Furthermore, former President Jair Bolsonaro is being investigated by the Brazilian Supreme Court for alleged misconduct. Several impeachment procedures have been filed in relation to the management of the response to the COVID-19 pandemic by the president.
In addition, after having his criminal convictions related to Operation Car Wash overturned and his political rights restored by the Brazilian Supreme Court, former President Luiz Inácio Lula da Silva ran for office in the presidential election of October 2022 and narrowly defeated President Bolsonaro. Former President Bolsonaro questioned the results of the elections, resulting in demonstrations across the country. Luiz Inácio Lula da Silva was sworn in as president in January 2023. We cannot predict what measureswhich policies the incoming president Luiz Inácio Lula da Silva may adopt or change during his term in office, or the effect that any such policies might have on our business and on the Brazilian economy.

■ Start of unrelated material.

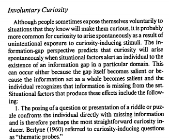 El documento es un gran análisis de la investigación psicológica sobre la curiosidad: tiene 24 páginas y ha sido citado más de 1400 veces.
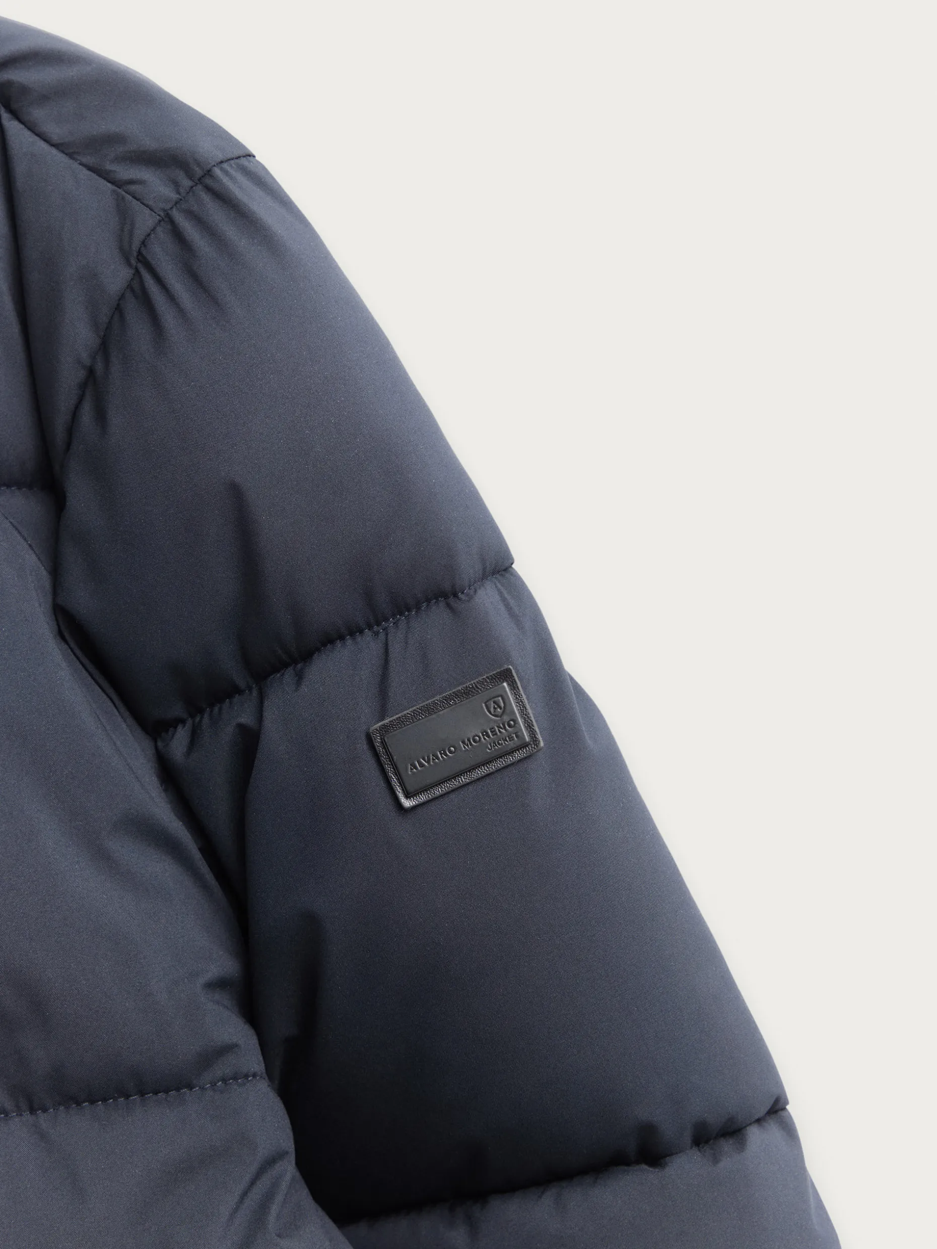 Parka acolchada con cuello subido y cierre central mediante doble cremallera. Dos bolsillos en la cintura, detalle personalizado en una de sus mangas y detalle ajustable en el bajo. Corte regular fit.

In Peru, on December 7, 2022, President Pedro Castillo announced the dissolution of the congress and called for new elections as soon as possible, provoking an attempted coup d’état. Subsequently, he was removed from office and arrested. On the same day, Vice President Dina Boluarte assumed the presidency of Peru, to serve the remaining presidential term until 2026. However, on December 11, 2022, President Boluarte announced she would introduce a bill to move the general elections up to April 2024, which proposal is under discussion and may be subject to change. Since then, there has been considerable political unrest in Peru, and demonstrations related to the political situation have led to multiple clashes between protestors and security forces, resulting in casualties and deaths. The political unrest has also given rise to many roadblocks across the country. In addition, some smaller airports such as Andahuaylas, Cusco, Juliaca and Arequipa across Peru have seen their operations interrupted.
On December 14, 2022, the Peruvian government declared a national state of emergency for 30 days. No assurance can be given as to how long the unrest and blockades will continue. The effect of any such disruption or interference cannot accurately be predicted and could have a significant adverse effect on our business, financial conditions or results of operations.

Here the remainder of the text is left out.